In typical Party-speak, Ji is alleged to have committed “grave disciplinary violations”, making him the latest victim of President Xi Jinping’s campaign to tackle graft. Late last month, the Beijing News reported that businessmen are being dragged into the case, all of whom have connections to Ji or benefited from his largesse in Suzhou, Yangzhou and Nanjing.
Comparisons are even being drawn with the jailed cadre Bo Xilai, who forged a lucrative partnership with tycoon Xu Ming.
Both cases highlight a major flaw in China’s development model, the Beijing News says, as local politicians and business cronies enrich one another in the dash for growth with improper contracts and elaborate kickbacks.
But what may have finally brought Ji down was abuse of the bankruptcy code. It looks like wronged creditors appealed to anti-graft officials, bringing his questionable behaviour to their attention.
The liquidation in question is one of Nanjing’s most publicised bankruptcies. According to Want China Times, the creditors of Nanjing Huafei Colour Display claim they were “cheated” of the company’s most valuable asset – its land.
Journalists were quick to spot the connection with Ji. Just one day after the city boss was detained, the sale of a plot thought to be linked to Huafei was postponed. The local land bureau then confirmed that the land was one of the Huafei assets set to be auctioned after its bankruptcy, with a reserve price of Rmb1.8 billion ($296.4 million).
Investigating further, the Economic Observer points out that the plot had recently been re-zoned from industrial to residential use, resulting in a significant appreciation in its value. This was particularly aggravating for the company’s creditors as the land was valued a year ago at just Rmb163 million.

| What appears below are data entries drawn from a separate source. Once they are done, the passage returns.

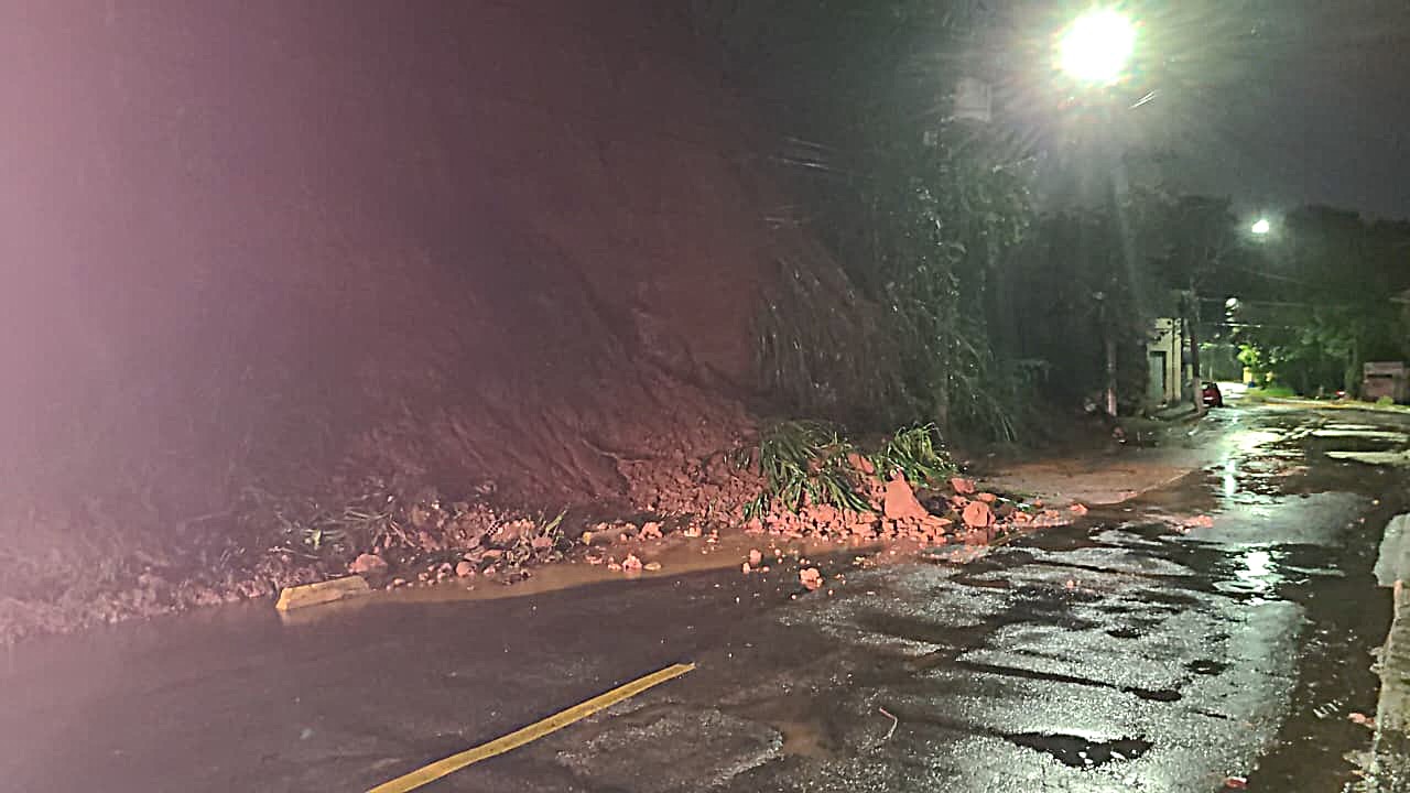 Também foram registrados deslizamentos parciais na Rua João Pessoa, no bairro Vila Nova, e no final da Avenida Ayrton Senna, início da Rua Rodolfo Anechino, no bairro Surubi Velho.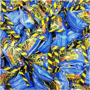 INGRÉDIENTS : sirop de glucose, sucre, acidifiant : acide citrique, correcteur d’acidité : citrates de sodium, arôme naturel, colorant : bleu brillant FCF,
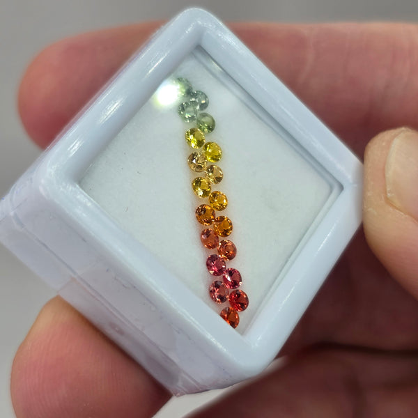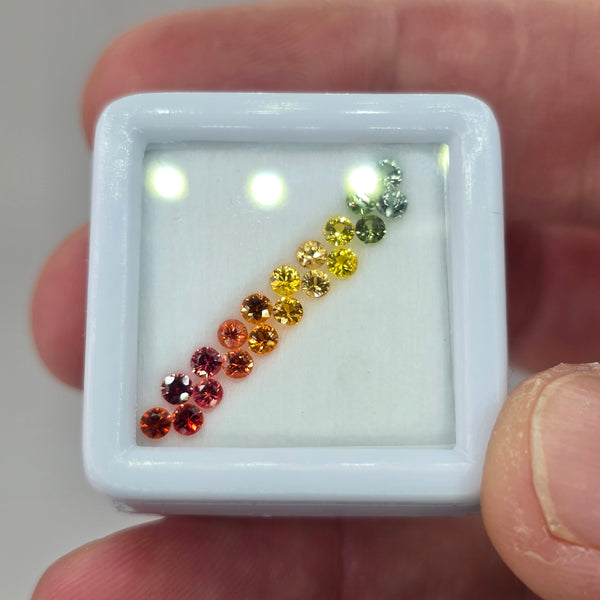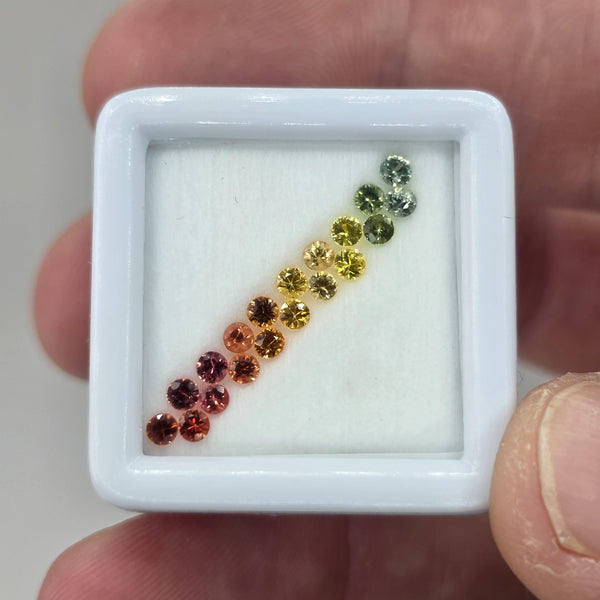 Natural earth-mined Sapphire from Songea, Tanzania. 19 pieces.Weight: 1.23 carat total weightQuantity: 19 Pc(s)Shape: Round Brilliant-CutSize : 2.3 mm.Treatment: BEClarity: VS-VVS

Back then the plot ended up being sold to Nanjing New Industrial Investment Group. Huafei’s creditors saw none of the proceeds.

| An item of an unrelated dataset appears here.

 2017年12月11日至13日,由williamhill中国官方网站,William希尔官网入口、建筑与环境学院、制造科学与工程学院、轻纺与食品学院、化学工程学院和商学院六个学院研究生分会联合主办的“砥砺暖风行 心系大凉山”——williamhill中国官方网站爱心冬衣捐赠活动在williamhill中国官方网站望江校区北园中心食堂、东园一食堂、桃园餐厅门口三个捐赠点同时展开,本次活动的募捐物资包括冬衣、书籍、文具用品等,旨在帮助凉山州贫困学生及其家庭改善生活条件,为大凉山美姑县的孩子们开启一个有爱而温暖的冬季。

The tussle over the land is a longstanding issue – after Huafei went bust owing Rmb850 million to more than 200 suppliers. The creditors argued that plots of land had been mortgaged to the company’s suppliers and should be included in the liquidation of Huafei’s assets.
In April the administrator responsible for the bankruptcy procedure declared that the land did not belong to the liquidated firm, but to the state (Huafei only had the ‘right’ to use it).
“We have been continuously petitioning, and it is clear that the [96,000 square metre] plot’s valuation at Rmb163 million was suspected of manipulation and that it was deliberately undervalued,” one of the creditors told the Economic Observer, further alleging that Ji took control of the bankruptcy case.
Bankruptcy experts speaking to the newspaper said that the land rights had an intrinsic market value and that the subsequent auction should have been conducted in a way that maximised proceeds for creditors.
Instead, creditors were offered a sum of Rmb100 million to settle, but the majority refused the cash.
What happens next in Nanjing isn’t clear.
But if the land in question is sold once again, Huafei’s creditors will be hoping for a major claim on the proceeds.
Nothing has been heard from Ji since he was detained. Whether his charge sheet will include rigging the bankruptcy process is unclear, but local media smell a rat, and assume he and his cronies were set to make big gains from the coveted land.